I had learned how to control my explosions of rage, to wall them up inside myself, to give no hint of them though they seemed to tear at me and twist me apart.
"You have grown up OK, Lee," she rested her chin in her hand as if considering me. "Not bad for a fusty old political scientist."
It was a humid, windless night for so early in the season. The Lake was listlessly tapping the shore and the smell of flowering trees permeated the air. My anger ebbed, leaving me emotionally exhausted. I had also learned to hide the
letdown after my rage.
"And you're prettier than you were when you were twenty, Jane."
It was a typically creative compliment from me, a cliché that I had regretted as soon as I had spoken it.
She slapped my arm lightly. "None of your blarney, Professor Kelly…It's the dim light that deceives you."

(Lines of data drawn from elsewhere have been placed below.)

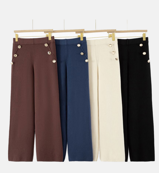 Pantalón recto punto botones dorados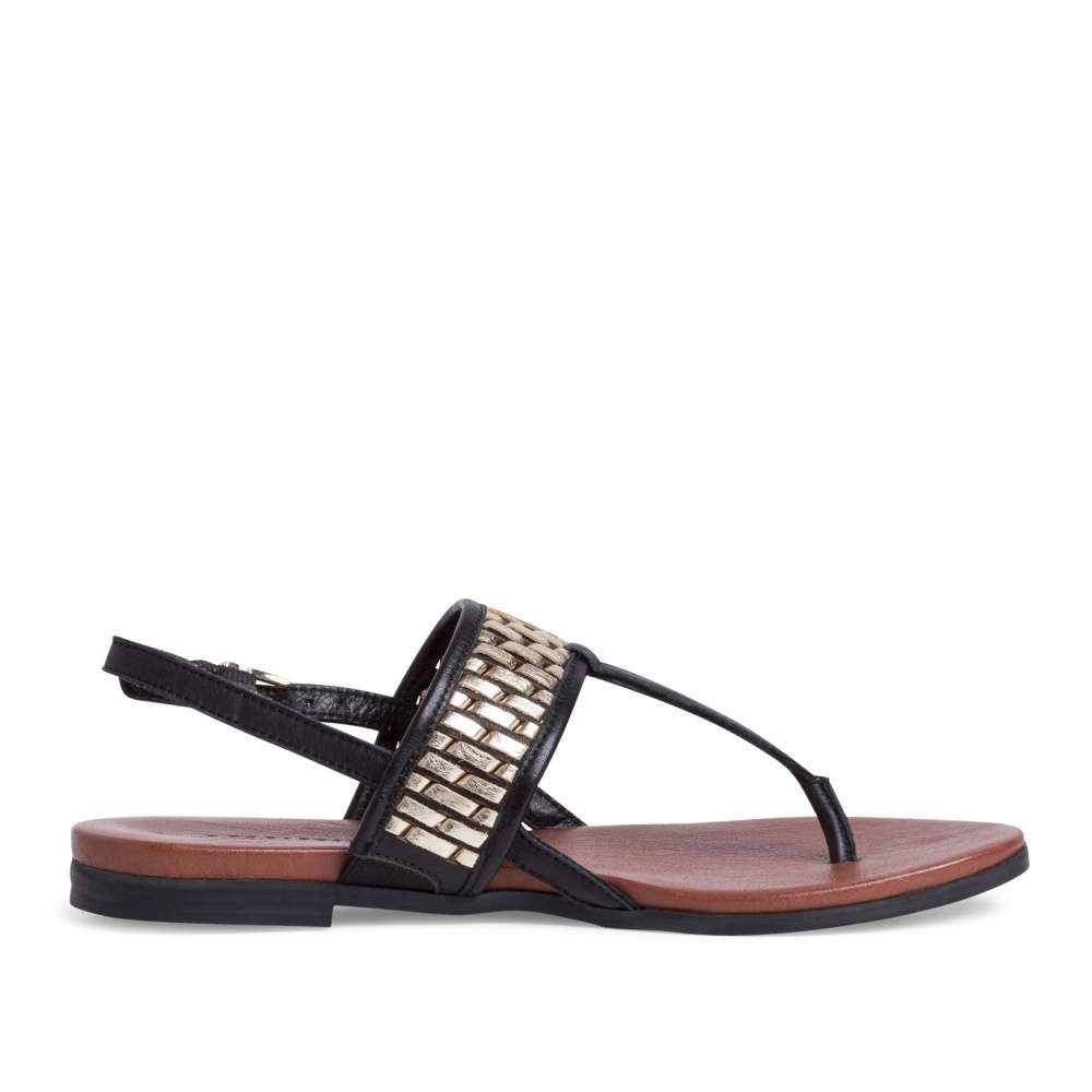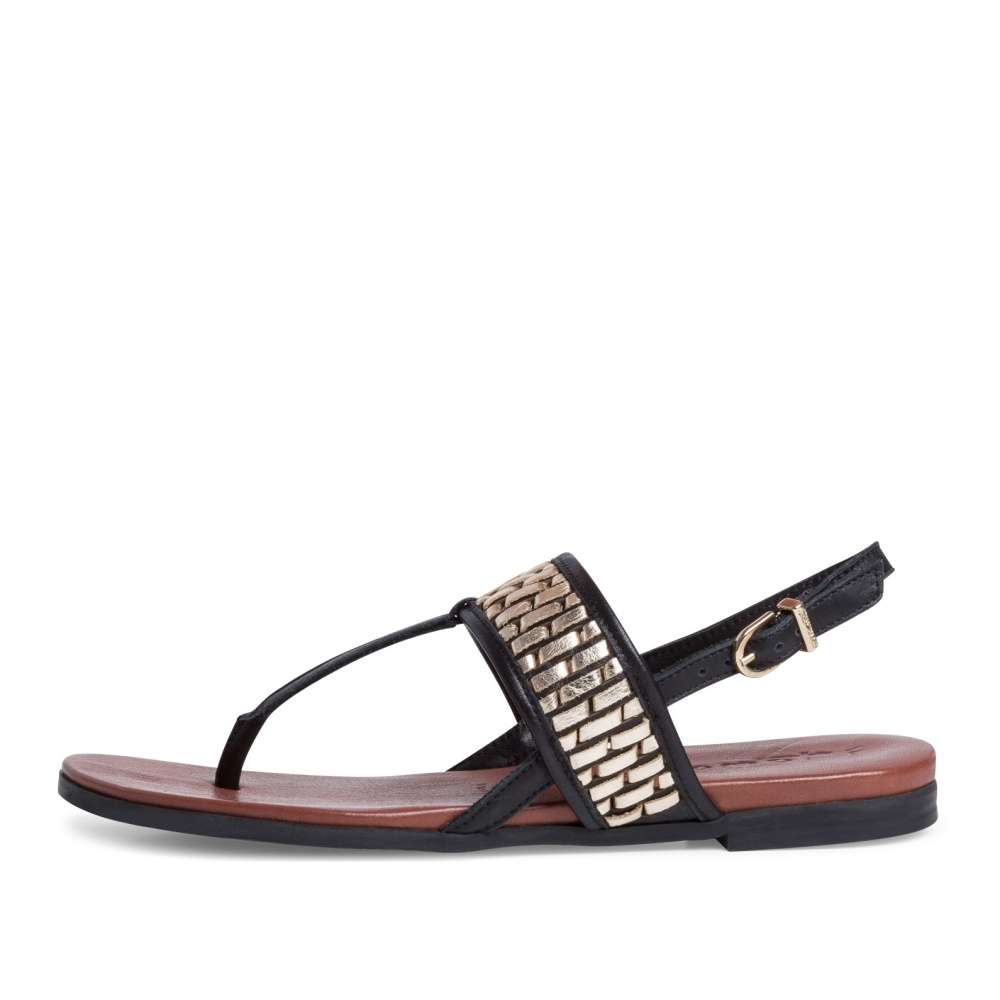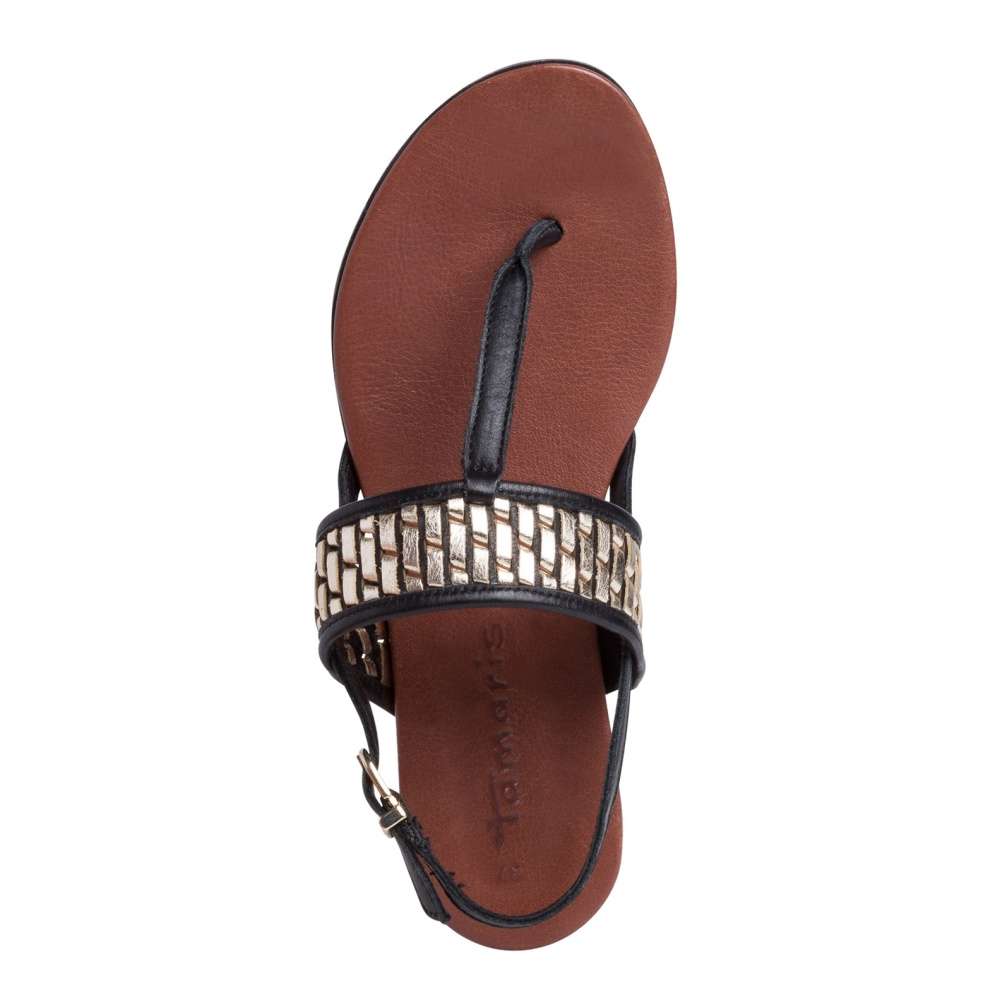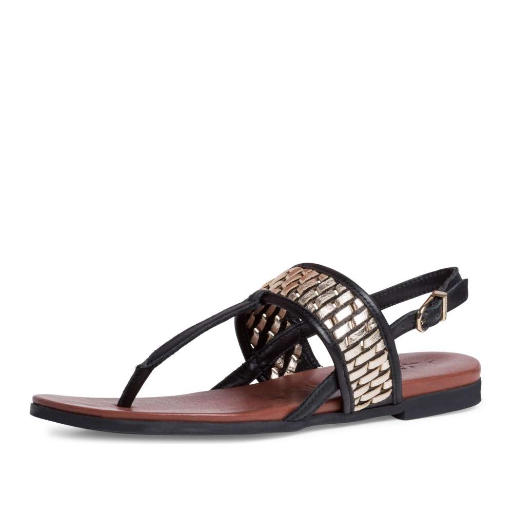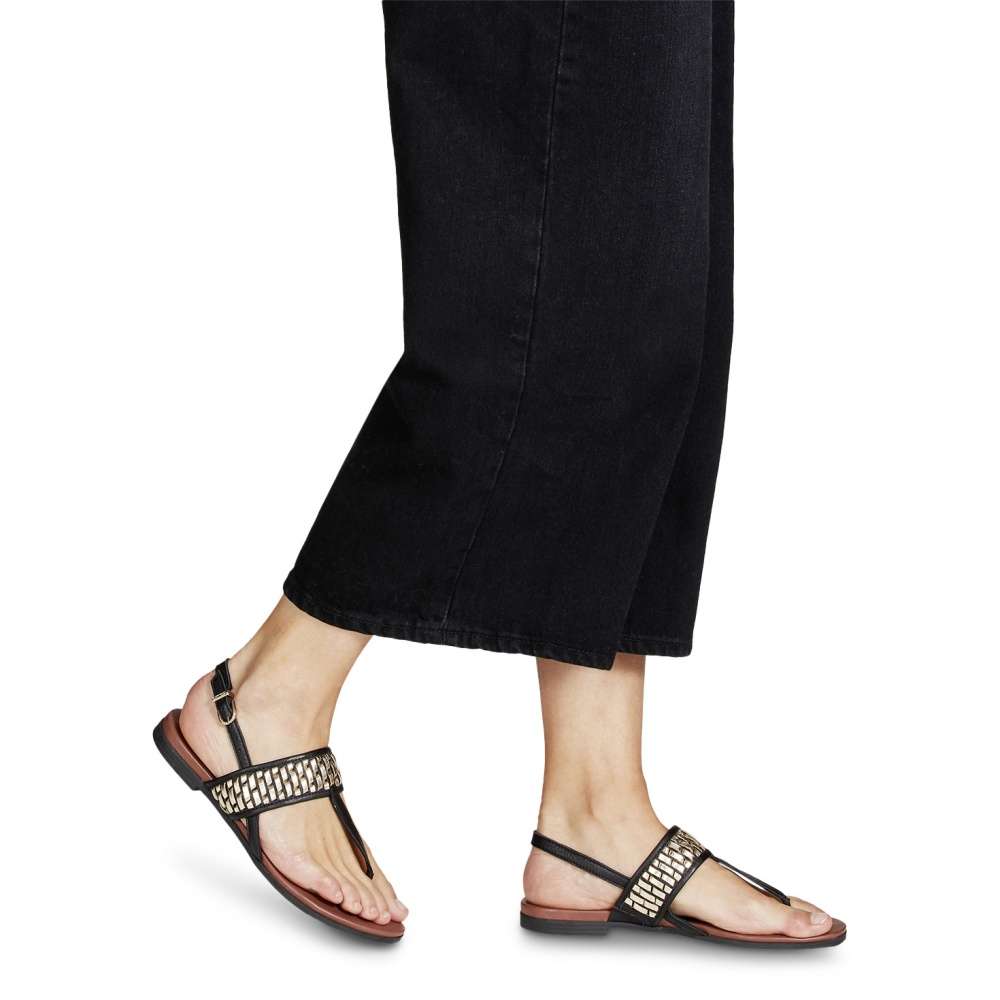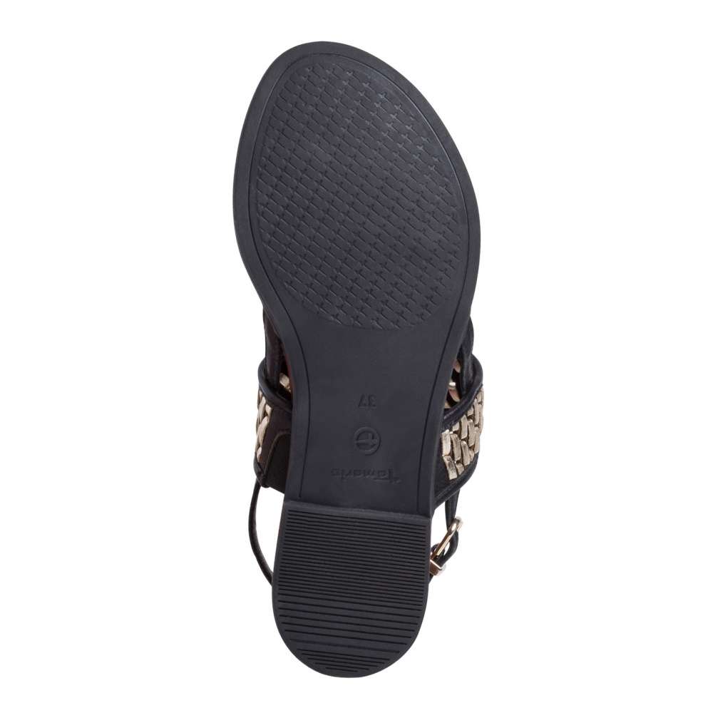 Černé kožené sandály ve stylu žabek s metalickými prvky, značky TAMARIS.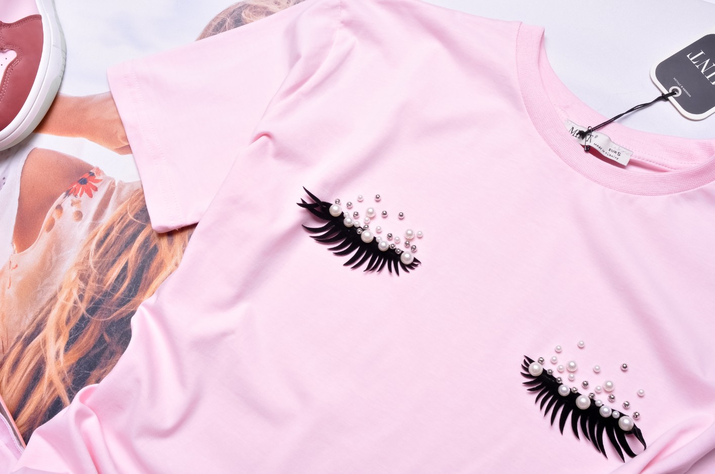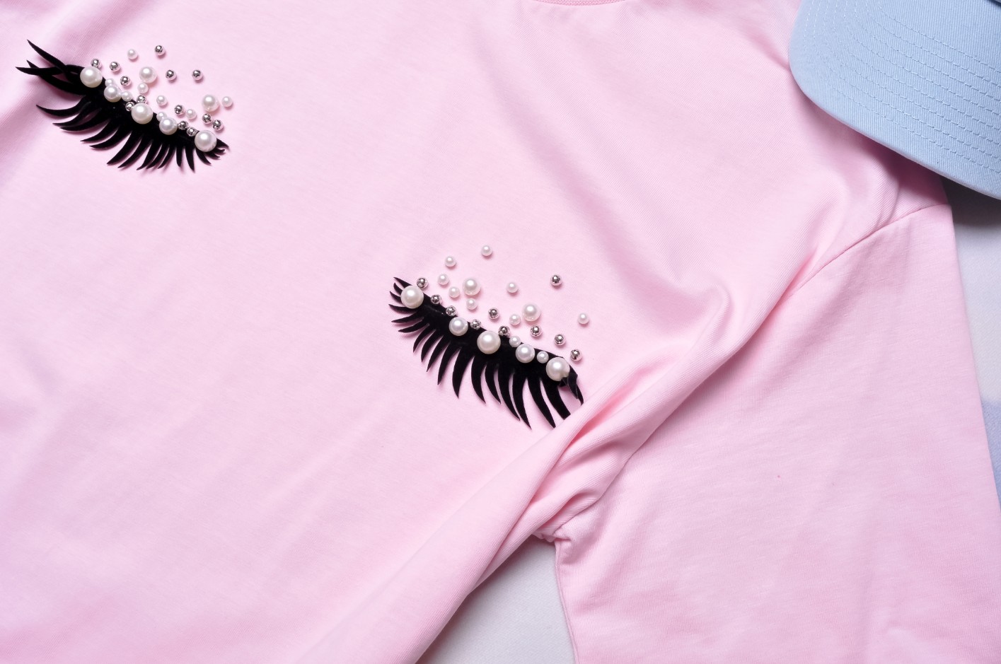 Śliczna bluzka w różowym kolorze. Wkładana przez głowę. Dekolt okrągły. Rękawy krótkie. Fason oversize, nieprzylegający. Wykończona aplikacją rzęs 3D i perełek.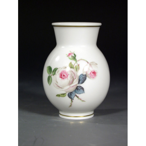 Vase, Weiße Rose, vielblättrig, purpur Kern, bunt, Goldfaden bzw. Goldreifen, H 8,5 cm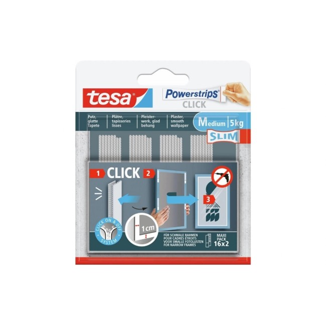 tesa Striscia di montaggio Powerstrips CLICK Slim - 16 x 2 pièces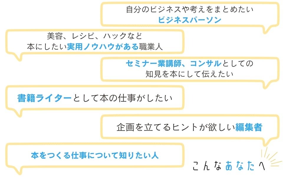 「著者」としての単著が多数あり、「書籍ライター」として経営者や専門家のビジネス書や実用書の出版に携わりヒットさせてきた人気ライターが、出版を実現するために必要なこと、お金の話、出版後の可能性までを余すことなくお伝えします。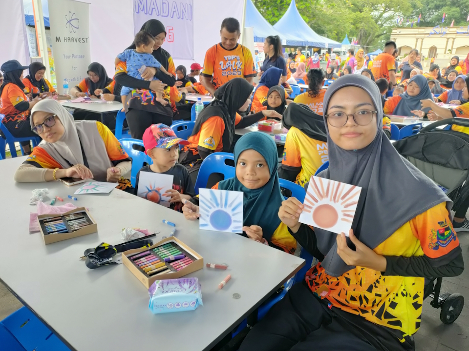 During YDP’s Walk under the Madani Malaysia Program, nearly a thousand participants, including diverse races, military personnel, and persons with disabilities, joined our finger painting activity. Co-organized with JCI, the event promoted harmony, health, stress relief and positivity through creativity and community unity.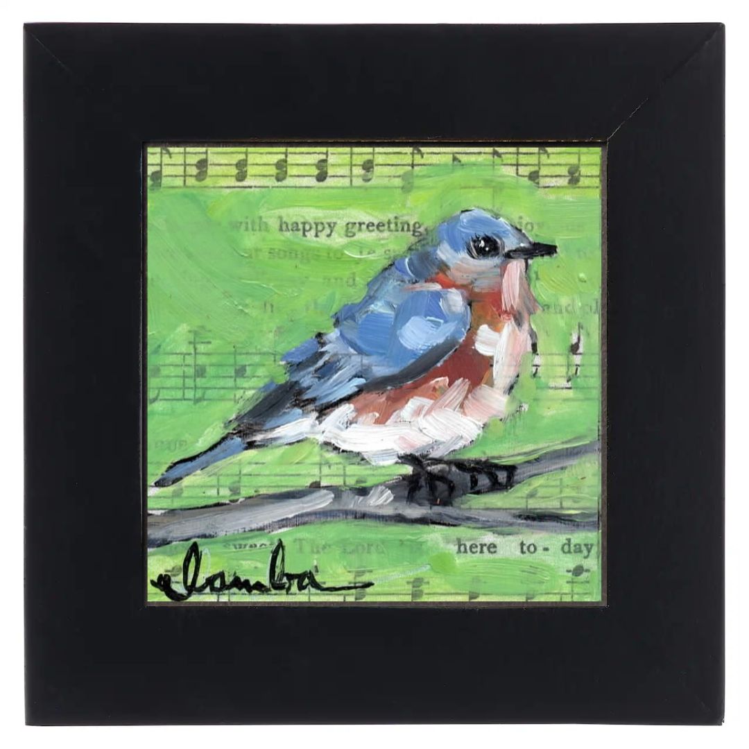Nature-inspired original oil paintings. These charming 2.5x2.5" paintings are specially crafted for their frames and feature songbirds, landscapes, flowers, and more.
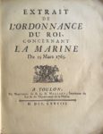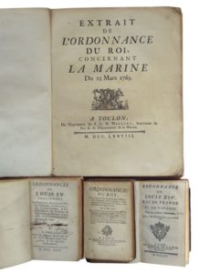 6. [DROIT]. ORDONNANCES. Réunion d’ouvrages : • Ordonnance du Roy, concernant les Gouverneurs & Lieutenans Généraux des Provinces, les Gouverneurs & Etat-majors des Places, & le Service dans lesdites Places. Du 25 Juin 1750. Avec l’ordonnance pour l’Uniforme des Officiers Généraux… Paris, Prault Père, 1762. In-16, reliure basane marbrée, dos à 4 nerfs. Épidermures, mors fendillés, coiffes et coins usés. (8)-314 pp. • Ordonnance de Louis XIV… pour les Matières Criminelles (mot rayé remplacé par) Civiles (manuscrit) Donnée à Saint Germain en Laye, au mois d’Avril 1667. Paris, chez les Associés… 1754. In-16, reliure basane marbrée, dos lisse orné. Manques en tête du dos et sur les coupes, pièce de titre manquante, coins usés. Bon état intérieur. • Ordonnance de Louis XV, concernant les Donations, les Insinuations, les Testamens… Paris, chez les Associés… 1742. In-16, reliure basane marbrée, dos lisse orné. Coiffe supérieure arasée, frottements sur les coupes. (6)-251-(4) pp. • Extrait de l’Ordonnance du Roi, concernant la Marine du 25 Mars 1765. Toulon, J. L. R. Mallard, 1778. In-4, broché, couverture d’attente papier à la cuve (usé au dos), en partie débroché. 159 pp. Légère trace de mouillure en marge des 5 premiers ff. Exemplaire sur papier fort à grandes marges.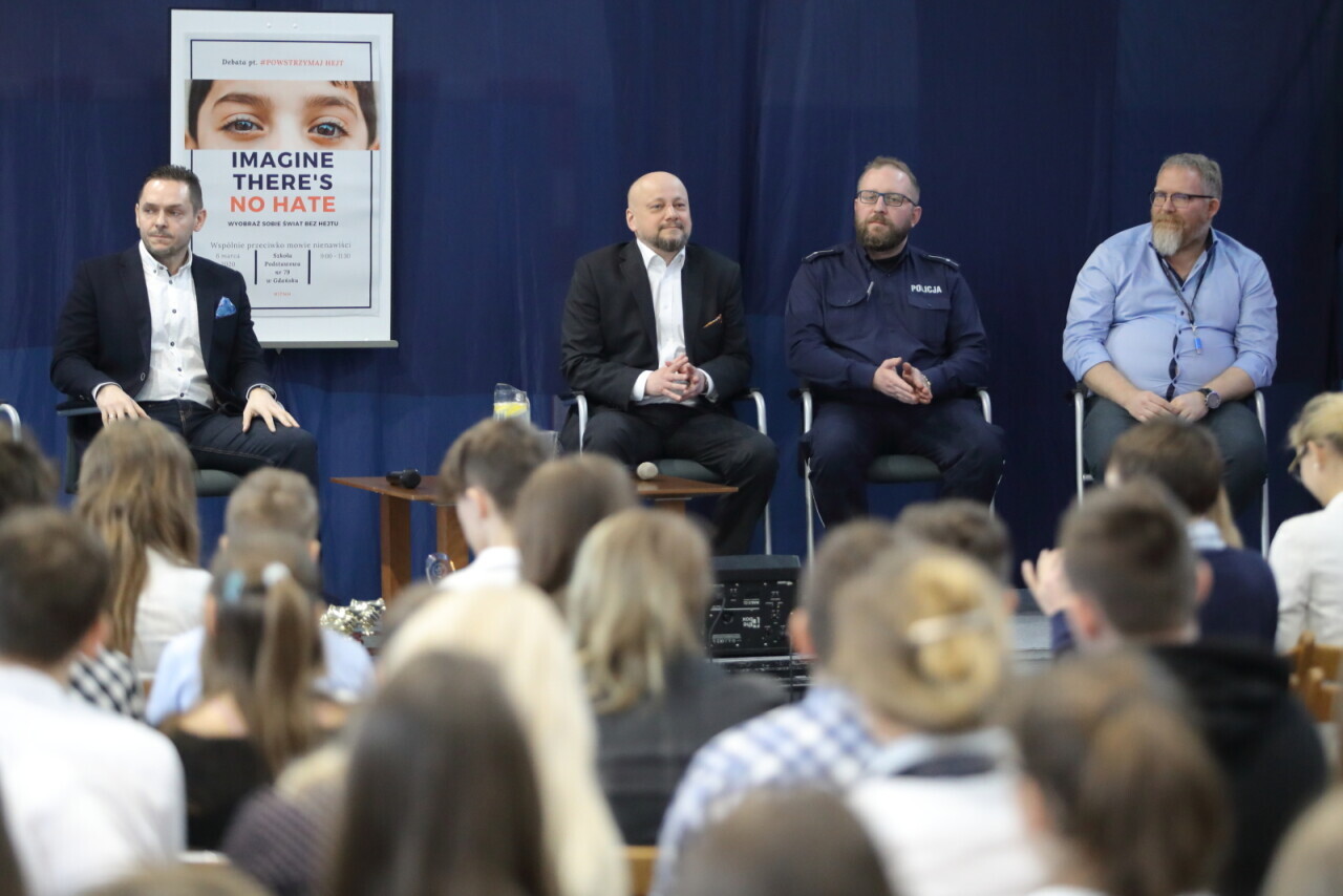 Gdańsk. Debata #POWSTRZYMAJ HEJT w Szkole Podstawowej nr 79. W debacie wzięli udział: Pan Maciej Dębski - Prezes Zarządu Fundacji Dbam o Swój Zasięg, Jacek Tylek – Radca Prawny, Dawid Owłasiuk - młodszy aspirant Komisariatu Policji w Gdańsku i Dyrektor szp 79 Michał Zapolski- Downar.

"It's not that dim and I don't think so."
Then we both became silent, the memories of the dead past throbbing around us.
I almost reached out for her breast just as I had done in 1948. We were both of us flirting with adultery. More or less.
"The same spot," I murmured.
Then she sighed, and somehow in her seriousness both my anger and the possibility of passion renewed evaporated; all that remained was the scent of lilacs and the jasmine and the crab apple trees.